There was a cry, and a crash. The cry was so horrible that frightened servants woke and came out of their rooms. Two gentlemen, who were passing in the Square below, stopped, and looked up at the great house. They hurried on until they met a policeman, and brought him back. The policeman rang the bell several times, but there was no answer. Except for a light in one of the top windows, the house was all dark. After a time, he went away and stood in the garden of the next house and watched.

'Whose house is that?' asked the older of the two gentlemen.

'Mr Dorian Gray's, sir,' answered the policeman.

They looked at each other as they walked away, and laughed cruelly. They knew who Dorian Gray was.

Inside the house the servants were talking in low whispers to each other. Old Mrs Leaf was crying. Francis was as white as death.

After about a quarter of an hour, they went fearfully upstairs. They knocked, but there was no reply. They called out. Everything was still. They tried the door. It was locked. Finally, they got on the roof and came into the room through the window.

When they entered the room they found a portrait hanging on the wall. It showed Mr Dorian Gray as they had last seen him, young and beautiful. Lying on the floor was a dead man in evening dress. He had a knife in his heart. He was old and horribly ugly. It was not until they saw his rings that they recognized to their horror who the man was.

 

- THE END -

Phonetic exercises

1. a) Transcribe the next words from the chapter:

Disappearance; pour; recently; mysterious; Chopin; yawn; Seine; handkerchief; laugh; failure.

b) Read them aloud

Speech patterns:

a. It's no business of mine.

b. By the way...

c. I don't think it is likely.

Work on vocabulary

2. Find in the chapter the English for:

Наливать; тема для разговора; недавно; таинственное исчезновение; не моё дело; усталым голосом; излишне; зевать; разделять; позировать; вопиёт против; разбить на мелкие осколки; приговорит к смертной казни.
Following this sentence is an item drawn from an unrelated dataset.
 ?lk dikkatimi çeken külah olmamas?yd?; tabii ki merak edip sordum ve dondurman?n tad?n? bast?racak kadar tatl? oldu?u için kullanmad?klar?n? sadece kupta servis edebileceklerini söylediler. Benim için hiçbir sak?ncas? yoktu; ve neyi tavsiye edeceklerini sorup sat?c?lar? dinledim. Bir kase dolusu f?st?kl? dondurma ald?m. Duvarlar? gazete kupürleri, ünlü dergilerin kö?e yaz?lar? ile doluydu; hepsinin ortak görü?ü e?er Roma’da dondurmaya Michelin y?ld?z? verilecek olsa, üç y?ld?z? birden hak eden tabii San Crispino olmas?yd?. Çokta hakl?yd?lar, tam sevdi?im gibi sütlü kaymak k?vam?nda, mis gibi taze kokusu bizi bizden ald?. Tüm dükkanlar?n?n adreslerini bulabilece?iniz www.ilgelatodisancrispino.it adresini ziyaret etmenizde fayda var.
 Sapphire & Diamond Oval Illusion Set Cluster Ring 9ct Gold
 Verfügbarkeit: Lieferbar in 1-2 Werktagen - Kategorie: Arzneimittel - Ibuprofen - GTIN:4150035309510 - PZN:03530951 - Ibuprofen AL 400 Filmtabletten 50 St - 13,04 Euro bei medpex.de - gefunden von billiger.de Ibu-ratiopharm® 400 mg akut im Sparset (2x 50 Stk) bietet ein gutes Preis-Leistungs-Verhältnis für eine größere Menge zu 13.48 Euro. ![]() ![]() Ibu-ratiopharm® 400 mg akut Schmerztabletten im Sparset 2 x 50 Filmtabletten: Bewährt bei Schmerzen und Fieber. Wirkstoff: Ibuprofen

3. Use one of the words or word-combinations from the box in an appropriate form to fill each gap:

by the way            to spoil                 to yawn              to be bored               innocent   to steel       to mean               failure          to frighten     to remind   needless              straight

 

 

1. '___________ they not ________ with that yet?' said Dorian, pouring out some wine and frowning.

2. In fact death is the only thing that ever _____________me. I hate it.'

3. '____________ to say,' said Lord Henry, 'it is the only thing that is final.

4. 'Harry,' he said, looking over at Lord Henry. 'Do you think Basil was murdered?' Lord Henry______________.

5. _________, what happened to that wonderful portrait he did of you? 'I told you years ago that it was___________.'

6. 'You have never looked more charming than you do tonight. You ______________me of the day I first saw you.

7. Was it really true that one could never change? There had been a time when he had been good and ______________.

8. In one terrible moment of passion, he had asked to stay young for all time. All his __________had been because of that.

9. Perhaps it had begun already. He would never again ____________innocence. He would be good.

10. Walking _________over to the portrait, he took off the purple curtain that was covering it.

11. Now it would kill the painter's work, and all that it__________ mean. It would kill the past.